▶ _Material provided_:

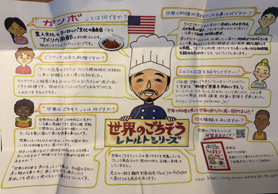 世界の文化や背景を伝えるためにレトルト食品のパッケージの内側にニュースのように情報がぎっしり詰まっています。食べるだけではない楽しさがレトルトに込められていて、とても素敵な伝え方だと感じました。
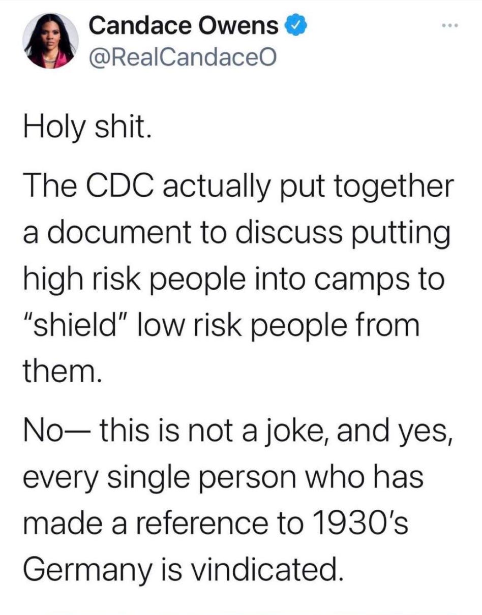 What Candace Owens may not realize (and none of this is her fault - it’s literally her job to get the information out there as plainly and accessibly as possible and she is phenomenal at it) is that she's inadvertently amplifying their scare tactics and their message which could then be interpreted several ways.
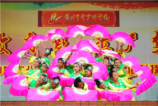 广州市黄广中学,以全面实施“智慧教育”体系为中心,根据现代青少年成长的各方面需求,坚持“培养特长、激发兴趣、活动育人、素质发展”的育人思路,着力培养学生的艺术特长和对科学创新创造的兴趣,通过打造全员参与的“科技节、艺术节、运动节”等系列特色活动,为学生搭建发挥个人才华、展示自我魅力的大舞台。无论大小竞赛或表演,全体学生积极参加,真正实现“一人一节目,全员同参与”,让每一个学生在一个个趣味十足的精彩节目中享受艺术的激情、科技的神奇、创新的乐趣。
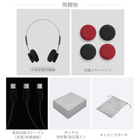 | セット内容・構成品 | ・ヘッドホン本体 ・専用USB-Cケーブル(充電/有線接続) ・交換イヤーパット ・キャリングポーチ ・説明書/保証書 |
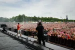 'We are on this road together, kom op jongens, met z'n allen!' Een glimlach prijkt op het gezicht van de zanger van Handsome Poets. En ja hoor, de vroege vogels in het veld klappen gedwee mee alsof ze bij Paul de Leeuw in de studio staan, en springen mak op en neer voor 'Dance (The War Is Over)'. Is er een betere manier om het Pinkpop-hoofdpodium te openen dan met de positivo-pop van deze vrolijke mannen uit Gouda?
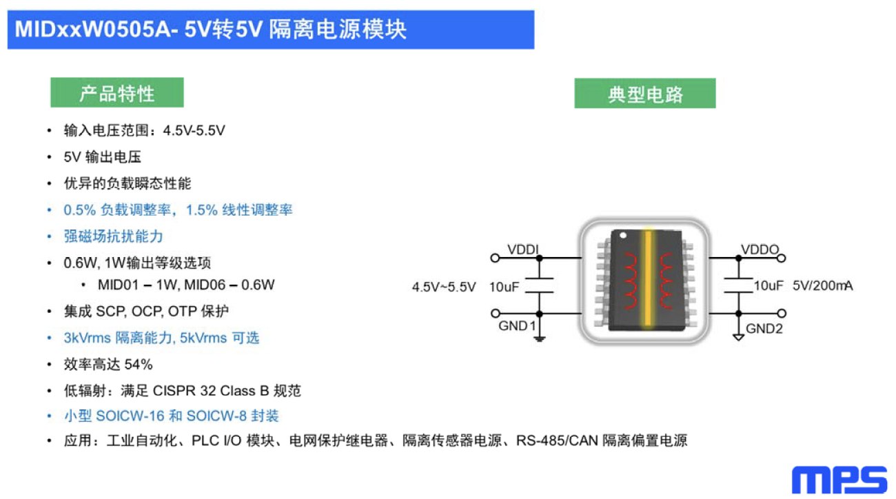 針對這一產(chǎn)品,MPS還搭配了隔離電源模塊MIDxxW0505系列。據(jù)悉,某些客戶在設(shè)計(jì)當(dāng)中,需要一個(gè)單獨(dú)的隔離供電給到其它的IO口,例如一些總線協(xié)議等;收發(fā)器里面可能需要單獨(dú)的5V轉(zhuǎn)5V的電源轉(zhuǎn)換。在這種客戶的應(yīng)用設(shè)計(jì)需求上,MIDxxW0505隔離電源模塊就非常契合。
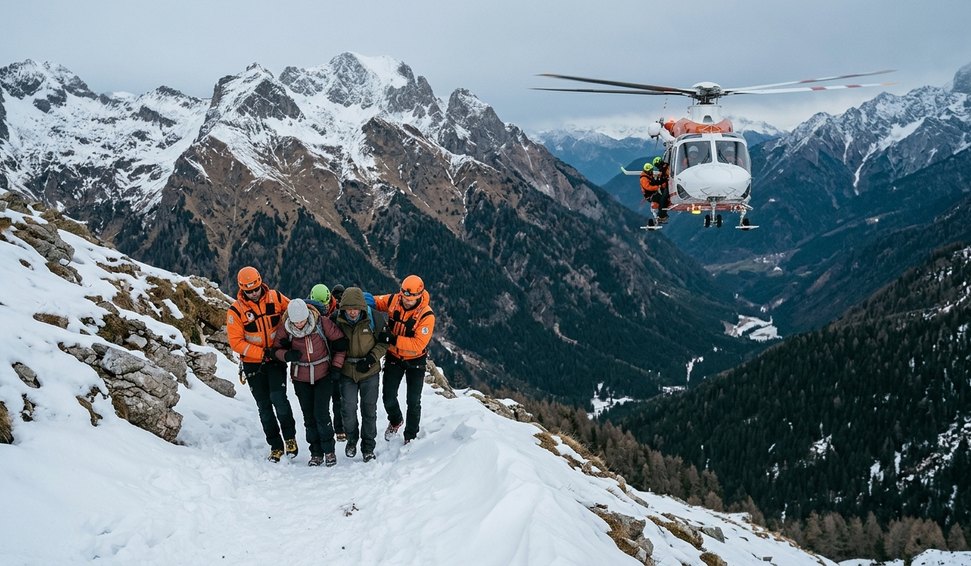 Imagens divulgadas nas redes sociais mostram o momento do resgate, realizado pela Unidade de Montanha da Guarda de Finanças italiana, com apoio de equipes especializadas em áreas de difícil acesso.
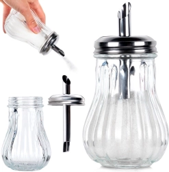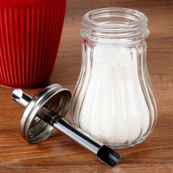 Pratique, ce sucrier en verre avec doseur de 190 ml assure un dosage précis du sucre en un seul geste. Il dispose d'un verre transparent résistant, d'un couvercle en inox avec bec verseur pour une coulée contrôlée et d'un corps rainuré pour une prise en main sûre. Un accessoire élégant pour la cuisine comme pour la table à manger.
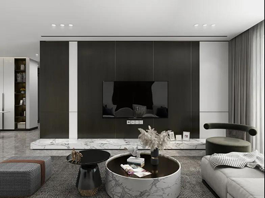 電視背景墻依舊對應沙發背景墻,下側是大理石面的置物區,墨本色、大理石紋與金屬擺件的配合,藝術又開放的切換,充滿立體效果。
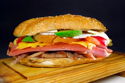 Torta con aguacate, jitomate, cebolla, rajas, chipotle, pierna española, huevo, queso amarillo y quesillo.
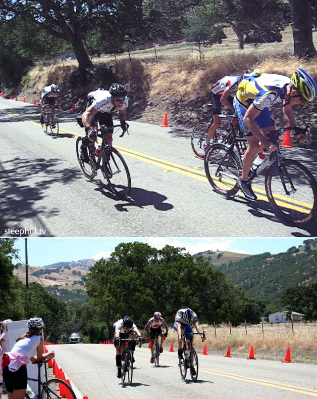 Masters 35 1-2-3 finish - Safeway's Dan Martin charges hard and almost beats Spine's Michael Hutchinson in a bike throw photo finish
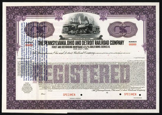 Michigan and Ohio. 19xx (ca.1933). 1st and Refunding Mortgage 4 1/2% Gold Bond, Series B. Purple border. Train at station with cab and man with suitcase. ABNCo. Specimen, XF. Rare legend added to bond to inform the buyer that the Gold clause has been changed due to the U.S. coming off of the Gold Standard in 1933 and the bond is payable in legal tender only, not gold. This clause has been found on a handful of certificates.

▶ _Task objective_: The records above must all be output exactly. Omit the images.

▶ _Worked solution_:
 世界の文化や背景を伝えるためにレトルト食品のパッケージの内側にニュースのように情報がぎっしり詰まっています。食べるだけではない楽しさがレトルトに込められていて、とても素敵な伝え方だと感じました。
 What Candace Owens may not realize (and none of this is her fault - it’s literally her job to get the information out there as plainly and accessibly as possible and she is phenomenal at it) is that she's inadvertently amplifying their scare tactics and their message which could then be interpreted several ways.
 广州市黄广中学,以全面实施“智慧教育”体系为中心,根据现代青少年成长的各方面需求,坚持“培养特长、激发兴趣、活动育人、素质发展”的育人思路,着力培养学生的艺术特长和对科学创新创造的兴趣,通过打造全员参与的“科技节、艺术节、运动节”等系列特色活动,为学生搭建发挥个人才华、展示自我魅力的大舞台。无论大小竞赛或表演,全体学生积极参加,真正实现“一人一节目,全员同参与”,让每一个学生在一个个趣味十足的精彩节目中享受艺术的激情、科技的神奇、创新的乐趣。
 | セット内容・構成品 | ・ヘッドホン本体 ・専用USB-Cケーブル(充電/有線接続) ・交換イヤーパット ・キャリングポーチ ・説明書/保証書 |
 'We are on this road together, kom op jongens, met z'n allen!' Een glimlach prijkt op het gezicht van de zanger van Handsome Poets. En ja hoor, de vroege vogels in het veld klappen gedwee mee alsof ze bij Paul de Leeuw in de studio staan, en springen mak op en neer voor 'Dance (The War Is Over)'. Is er een betere manier om het Pinkpop-hoofdpodium te openen dan met de positivo-pop van deze vrolijke mannen uit Gouda?
 針對這一產(chǎn)品,MPS還搭配了隔離電源模塊MIDxxW0505系列。據(jù)悉,某些客戶在設(shè)計(jì)當(dāng)中,需要一個(gè)單獨(dú)的隔離供電給到其它的IO口,例如一些總線協(xié)議等;收發(fā)器里面可能需要單獨(dú)的5V轉(zhuǎn)5V的電源轉(zhuǎn)換。在這種客戶的應(yīng)用設(shè)計(jì)需求上,MIDxxW0505隔離電源模塊就非常契合。
 Imagens divulgadas nas redes sociais mostram o momento do resgate, realizado pela Unidade de Montanha da Guarda de Finanças italiana, com apoio de equipes especializadas em áreas de difícil acesso.
 Pratique, ce sucrier en verre avec doseur de 190 ml assure un dosage précis du sucre en un seul geste. Il dispose d'un verre transparent résistant, d'un couvercle en inox avec bec verseur pour une coulée contrôlée et d'un corps rainuré pour une prise en main sûre. Un accessoire élégant pour la cuisine comme pour la table à manger.
 電視背景墻依舊對應沙發背景墻,下側是大理石面的置物區,墨本色、大理石紋與金屬擺件的配合,藝術又開放的切換,充滿立體效果。
 Torta con aguacate, jitomate, cebolla, rajas, chipotle, pierna española, huevo, queso amarillo y quesillo.
 Masters 35 1-2-3 finish - Safeway's Dan Martin charges hard and almost beats Spine's Michael Hutchinson in a bike throw photo finish
 Michigan and Ohio. 19xx (ca.1933). 1st and Refunding Mortgage 4 1/2% Gold Bond, Series B. Purple border. Train at station with cab and man with suitcase. ABNCo. Specimen, XF. Rare legend added to bond to inform the buyer that the Gold clause has been changed due to the U.S. coming off of the Gold Standard in 1933 and the bond is payable in legal tender only, not gold. This clause has been found on a handful of certificates.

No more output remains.